The Prime Minister may say Brexit is done on 31 January – but negotiating, legislating and implementing the UK’s new relationship will be a major preoccupation in 2020 and beyond. Brexit has already led to a significant rise in civil service staff numbers, and that will continue. By March it is expected that Brexit will have led to the creation of an additional 27,500 civil service jobs.
Some things will change. The process of legislating for Brexit will be much less tortuous than it was in a hung Parliament – the big Brexit bills that stalled should reach the statute book with little amendment from the Commons at least.
But the task of negotiating the UK’s relationship with Europe will be a major preoccupation for Whitehall. It will draw in far more government departments than were involved in negotiating the much more limited withdrawal agreement.
Not only will all the departments with any responsibility for individual economic sectors have a role, but the security cooperation agreement will bring in the Ministry of Defence, the home and justice departments as well as the Foreign Office and Department for International Development.
There will be a massive coordination task to ensure that interests are properly understood and weighed against each other, and that decisions made in one negotiation take account of implications for other deals running in parallel or to follow.
That coordination effort will extend well beyond Whitehall. While the first phase of negotiations were characterised (and hampered by secrecy and indecision) especially under Theresa May, success in the second phase will depend on both involving detailed expertise from the government’s own delivery arms, ensuring proper input from affected sectors and meeting the political challenge of keeping the devolved governments as far on board as possible.

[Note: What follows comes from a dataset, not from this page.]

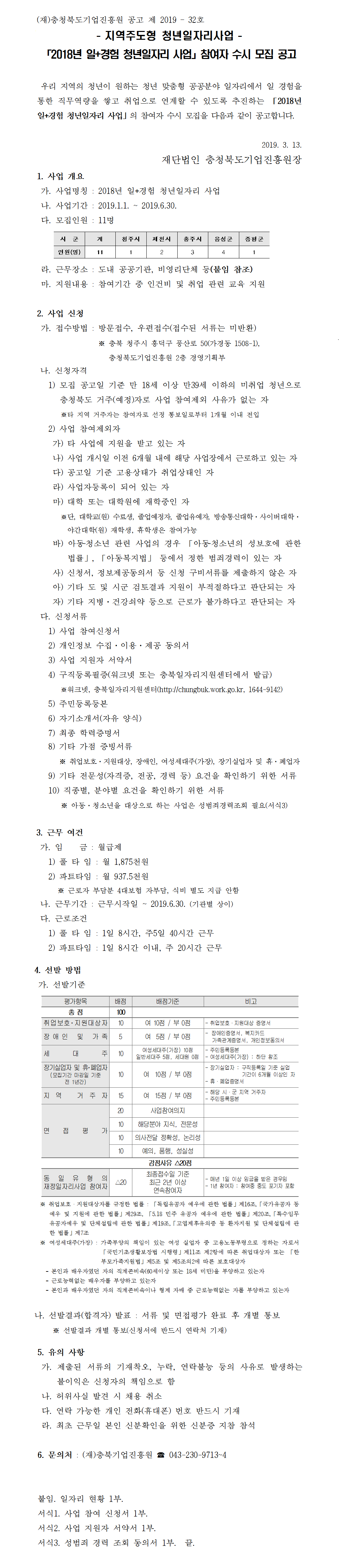 | [마감][19.03.13.기준] 2018년 일+경험 청년일자리사업 참여자 수시모집 공고 | |||||

These are not the only negotiations Whitehall will have to handle. So far continuity trade deals have been agreed with 20 countries or trade blocs – but some really big deals remain outstanding: with Canada, Japan and Turkey. The Conservative manifesto also committed to landing some big new deals in the next three years – with countries like the US and Australia.
Since the referendum there has been a programme to develop trade capacity within Whitehall – an unneeded capability while we were EU members, but that capacity has yet to be properly tested and is likely to be stretched to breaking point in the coming years.
The type of new relationship that the government is aiming for means that the UK will have to put in place many of the new systems and processes it was getting ready for no deal.
Outside the single market and customs union, the UK will need to take over responsibility from EU agencies and there will have to be at least some border checks and paperwork.
Civil servants assured select committees last year that the government was ready for Brexit – and that the big gap was on business readiness. But none of the new systems have yet had to be tested. Another year to prepare should mean that there are fewer glitches and there is more time to recruit and train the people that are needed.
It is still possible that some of these changes will prove nugatory. It may be that the final deal is closer to the EU than appears likely now. The planning uncertainty that bedevilled preparations under Theresa May has been reduced but not eliminated. But the civil service finally has a government committed to a hard deadline and it will need to focus efforts to ensure the country is as ready as possible for that.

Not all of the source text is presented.